Patchett in general has this problem, as it was manifest in The Magician's Assistant as well: she has characters doing unconventional things, like choosing to live with a man who will never love you back, or taking off to become a taciturn cook for the rest of your life, but without providing the slightest inkling of motivation for these actions. It's as if she believes that the actions are already so interesting as to be sufficient material for a story, apparently without realizing that actions that have no seeming motivation are not interesting, but merely confusing. Maybe it's the postmodern addiction to quirkiness playing itself out here, but in that case the quirks are taken too seriously to be either charming or ironic, and those are the only legitimate purposes that quirkiness serves.
And now we come to The Game by A.S. Byatt. Yes, it's an early work, but it's been reprinted in a beautiful Vintage edition, and besides--it's A.S. Byatt, rendering it Great Contemporary Literature almost by default. But, as Nicole Krauss would so stylistically say: and yet. This is essentially a Tale of Two Beeyotches that masquerades as a profound meditation on illusion and self-deception. Or rather, it is a meditation on those things, but it is not particularly profound.

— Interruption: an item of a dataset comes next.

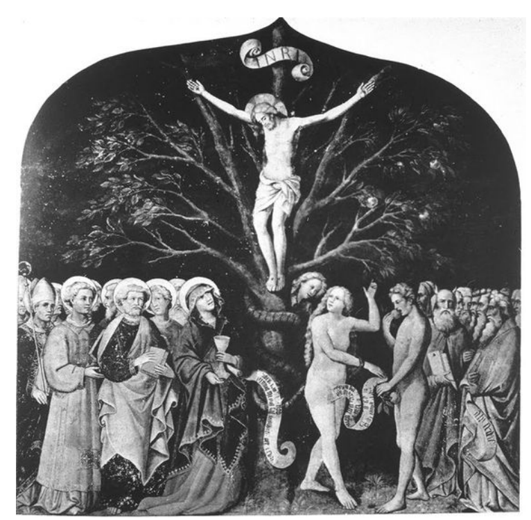
Figure 1"Mystery of the Fall and Redemption of Man" by Giovanni da Modena (1420)

On the tree is the Good in flesh; Jesus said, "God alone is Good." Jesus is the Good in flesh. And on the tree is the Life; Jesus said, "I am the life."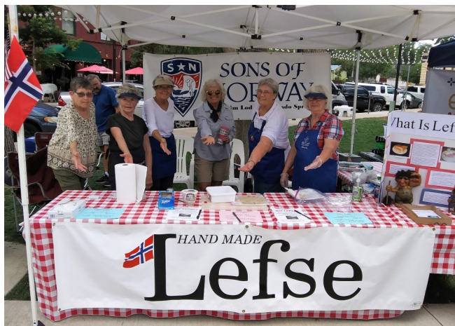
Lefse sellers on July 16, 2022 showing off their wares.

The two sisters around whom the story revolves are both self-involved, but one is a frustrated, passionate academic while the other is a status-seeking, self-deceiving, shallow writer of self-centered potboilers. Guess which one has Byatt's sympathy. But both of them are types, intellectual constructs meant to aid the author in her cool, delicately written exploration of her chosen themes. The language is convoluted, the novel peppered with philosophical ponderings, yet in the end--who gives a damn? Why the game is even mentioned, let alone the title of the novel, is purely a symbolic conceit; the game is never fleshed out enough to be plausible as the catalyst of so much pain and dysfunction. The book is old enough that the television is used as a representation of the power of illusion, rather than being a simple fact of life. Everything in the book is a carefully chosen symbol, all the conversations are meant to contribute to the themes.

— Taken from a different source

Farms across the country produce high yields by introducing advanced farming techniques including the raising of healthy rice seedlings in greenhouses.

This is not necessarily a bad thing in itself, but in this particular case, the subject matter is simply not as deep as the author seems to think. What is real? How much of our lives are preoccupied with illusion, and can illusion wreck a human life? Interesting question. I'd rather watch the Matrix again, though, than slog through this arched-eyebrow, pretentious and repetitive contribution, which says a great deal but doesn't convey any genuinely powerful ideas.

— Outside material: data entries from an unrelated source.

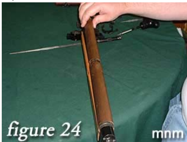
20) Remove upper handguard.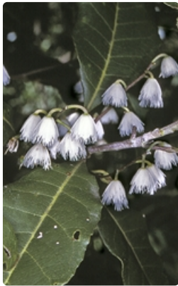
Flowering stem. Booderee National Park, Jervis Bay Territory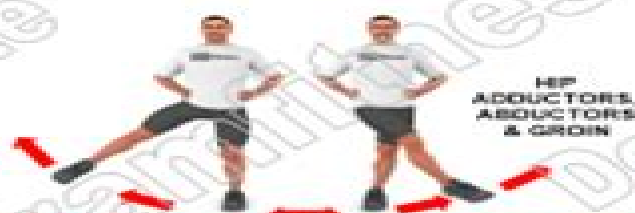
HIP ADDUCTORS, ABDUCTORS & GROIN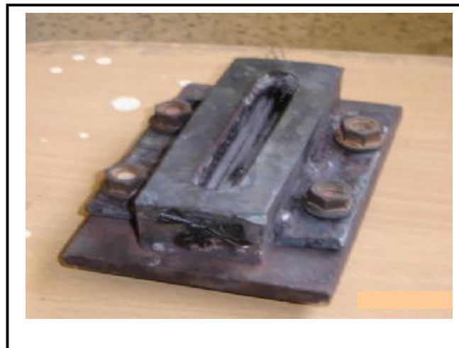
Fig. (2) Carbon steel die.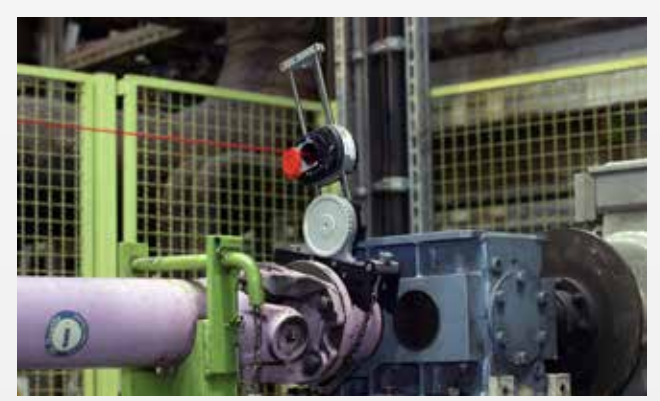
Rotating arm bracket for restricted rotation areas.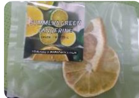
Dried green tangerine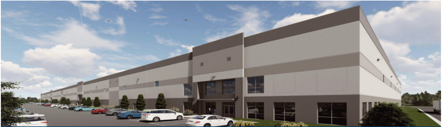
18139 Logistics Parkway, NE | Covington, GA 30014

Does that make me anti-intellectual? I'm sure some would say so. In my opinion, though, such cool discussion actually evades real discussion; the words are an intricate web of craft without substance or daring. Powerful art must come from the gut as well as from the mind; it is that synthesis which makes it art rather than academia or philosophy. Pure gut, and you get a Mary Higgins Clark or Danielle Steel; but pure mind, on the other end of the spectrum, is bloodless and without impact. Meat and wine can each be enjoyed separately; but put them together and you have a meal, and at last--true satisfaction.